Re: Sealing The Dome
- To: domesteading at sculptors dot com
- Subject: Re: Sealing The Dome
- From: RoConroy at aol dot com
- Date: Thu, 30 Jul 1998 15:02:12 EDT
In a message dated 98-07-30 12:46:24 EDT, Malcom you quoted:
<< We've had a number of folks use the elastomeric roofing on domes. The
experience has almost universally been that it costs twice as much as a
comp roof and lasts half as long (hardly a ringing endorsement). A
good, professionally installed, comp roof remains the most reliable and
cost efficient system, although it is certainly possible for individuals
to install this well themselves. >>
I have personally roofed at least 6 conventional houses with 3 tab
conventional roofing. It is hard, demanding work in the best of
circumstances. It has much going for it in terms of longevity if properly
done. In most of the roofs that I have done, I have found that the original
roofer had taken shortcuts which resulted in small leaks which caused unseen
damage and caused the roofs to be replaced before their time.
Whether you have a traditional house or a dome, it has to be roofed correctly.
The problem with a dome, is that there are generally more places to mess up
than with a simple type conventional.
As far as overall cost, the elastomeric is cheaper if you do it yourself.
You can use a long handle roller to give the whole thing a single coat,
including kneewall, in less than 2 hours. I bought my elastomeric on sale
for $72.00/ 5 gallon bucket. You should be able to buy it full price for less
than $120/ 5 gallon bucket. A 5 gallon bucket should give a 24' dome a single
coat.

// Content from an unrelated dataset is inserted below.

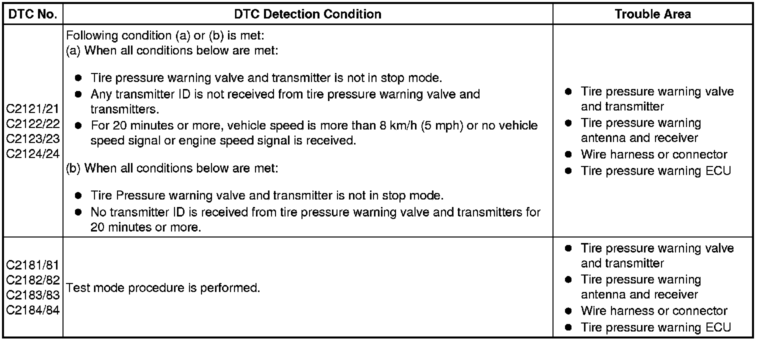 When a transmitter ID is not received from a tire pressure warning valve and transmitter for a total of 20 minutes while the vehicle speed is over 8 km/h (5 mph) or no transmitter ID is received from all of the tire pressure warning valve and transmitters for a total of 20 minutes, DTCs are set.

You will need around 4 coats, depending on how thick you apply it. You
will also need 1 coat of primer. The cost for conventional 3 tab roofing will
run a little less. The difference is that you need someone schooling you in 3
tab roofing or you need to hire someone to do it. If your roofer has been
around the block, he will charge you an arm and a leg to roof your dome with
conventional 3 tab.
I don't recommend elastomeric for a house simply because it has such a
short warrantee. But for a workshop or storage building, simply take 2 hours
and recoat the structure every so many years. My workshop is tinted with a
very very light salmon type coloring. You can change the tint every time you
recoat. I suggest that for the first year that anyone paint their dome white,
because the caulk is white, and you can do any repairs without them showing.